**Records for this task**

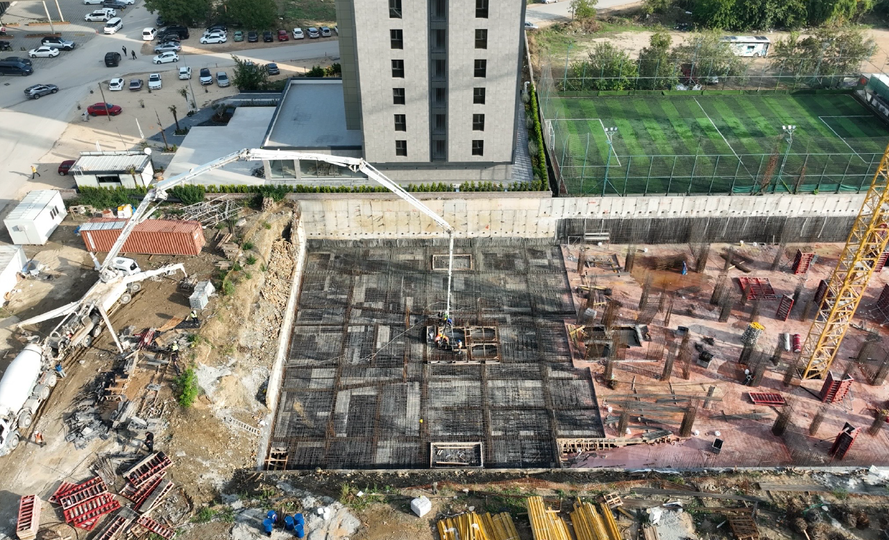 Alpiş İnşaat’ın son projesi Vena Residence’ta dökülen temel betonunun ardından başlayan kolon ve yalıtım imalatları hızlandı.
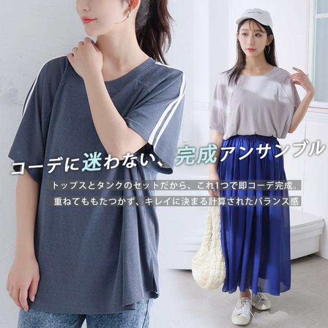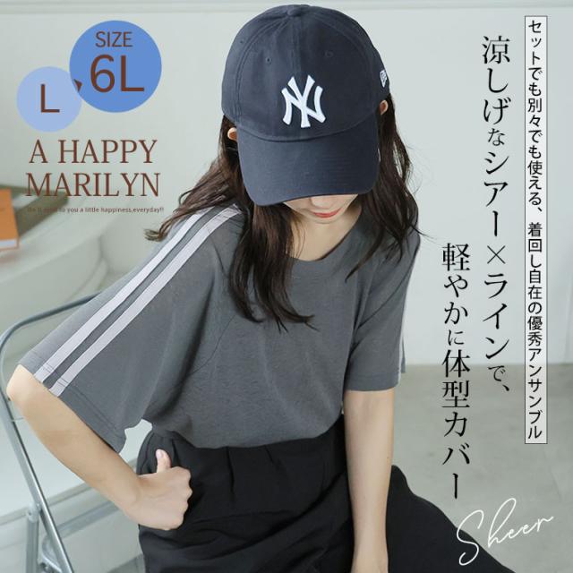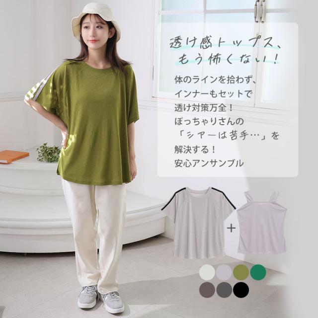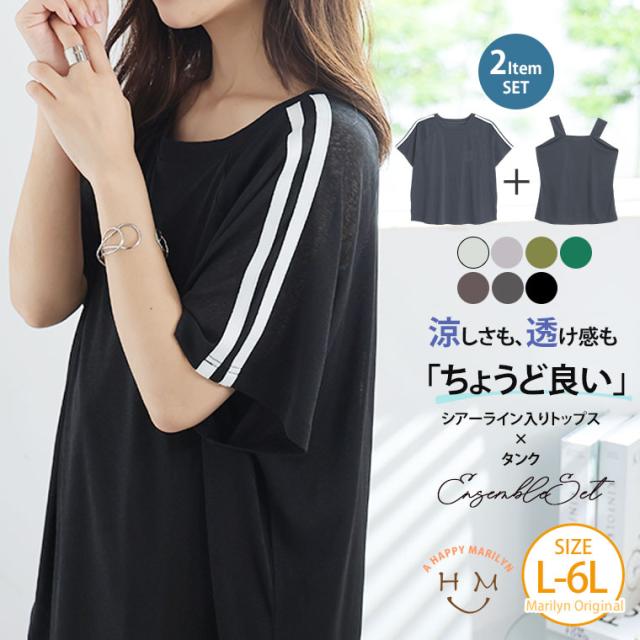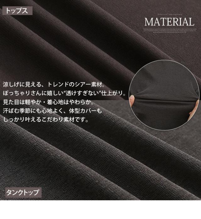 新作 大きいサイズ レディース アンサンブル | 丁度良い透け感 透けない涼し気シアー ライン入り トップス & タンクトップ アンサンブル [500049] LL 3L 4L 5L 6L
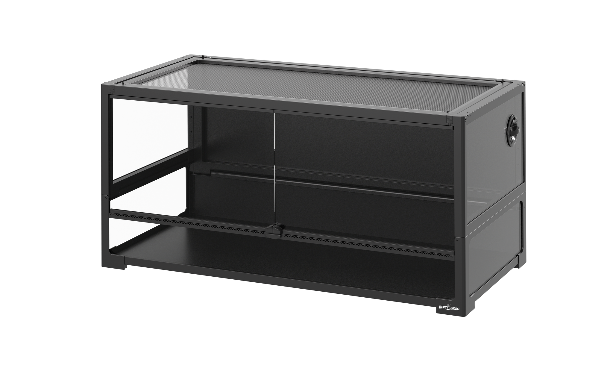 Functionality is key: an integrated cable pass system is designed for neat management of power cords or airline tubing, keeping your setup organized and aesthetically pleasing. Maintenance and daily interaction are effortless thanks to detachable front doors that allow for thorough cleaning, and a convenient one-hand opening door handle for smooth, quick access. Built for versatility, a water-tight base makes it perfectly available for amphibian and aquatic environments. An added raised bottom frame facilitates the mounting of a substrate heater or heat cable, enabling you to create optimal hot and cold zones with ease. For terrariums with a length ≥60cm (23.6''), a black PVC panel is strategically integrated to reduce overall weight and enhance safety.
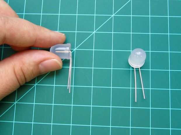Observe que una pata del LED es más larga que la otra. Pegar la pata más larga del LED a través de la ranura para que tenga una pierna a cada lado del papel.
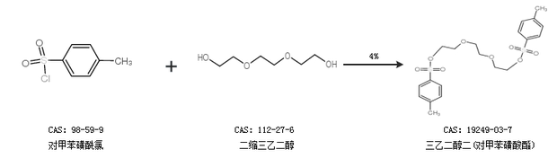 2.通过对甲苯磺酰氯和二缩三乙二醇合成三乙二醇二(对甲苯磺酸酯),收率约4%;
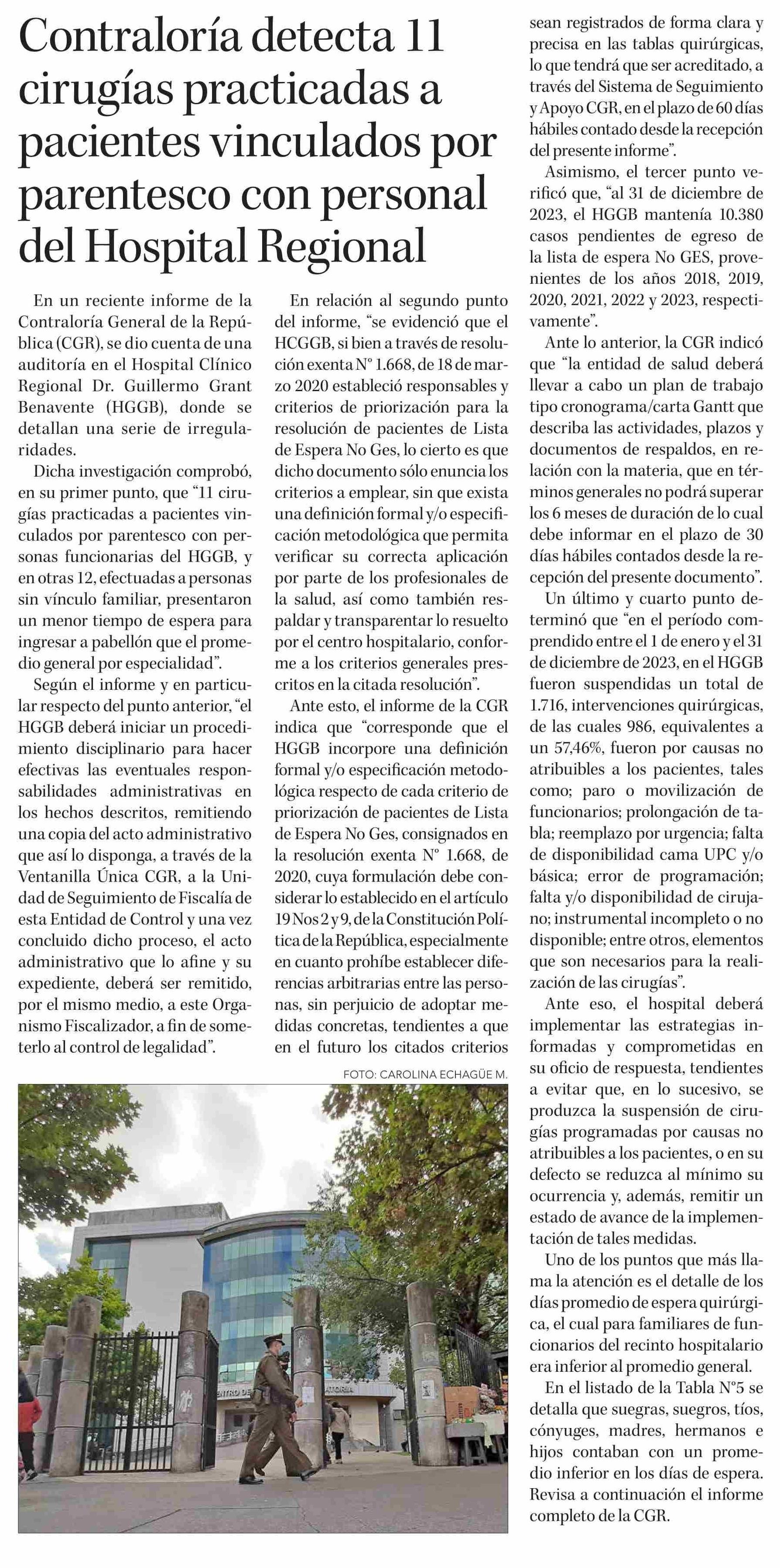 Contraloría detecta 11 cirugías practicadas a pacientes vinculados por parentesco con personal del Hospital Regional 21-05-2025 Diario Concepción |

**Exercise**
Everything in the records above must be repeated exactly, except the pictures.

**Task answer**
 Alpiş İnşaat’ın son projesi Vena Residence’ta dökülen temel betonunun ardından başlayan kolon ve yalıtım imalatları hızlandı.
 新作 大きいサイズ レディース アンサンブル | 丁度良い透け感 透けない涼し気シアー ライン入り トップス & タンクトップ アンサンブル [500049] LL 3L 4L 5L 6L
 Functionality is key: an integrated cable pass system is designed for neat management of power cords or airline tubing, keeping your setup organized and aesthetically pleasing. Maintenance and daily interaction are effortless thanks to detachable front doors that allow for thorough cleaning, and a convenient one-hand opening door handle for smooth, quick access. Built for versatility, a water-tight base makes it perfectly available for amphibian and aquatic environments. An added raised bottom frame facilitates the mounting of a substrate heater or heat cable, enabling you to create optimal hot and cold zones with ease. For terrariums with a length ≥60cm (23.6''), a black PVC panel is strategically integrated to reduce overall weight and enhance safety.
Observe que una pata del LED es más larga que la otra. Pegar la pata más larga del LED a través de la ranura para que tenga una pierna a cada lado del papel.
 2.通过对甲苯磺酰氯和二缩三乙二醇合成三乙二醇二(对甲苯磺酸酯),收率约4%;
 Contraloría detecta 11 cirugías practicadas a pacientes vinculados por parentesco con personal del Hospital Regional 21-05-2025 Diario Concepción |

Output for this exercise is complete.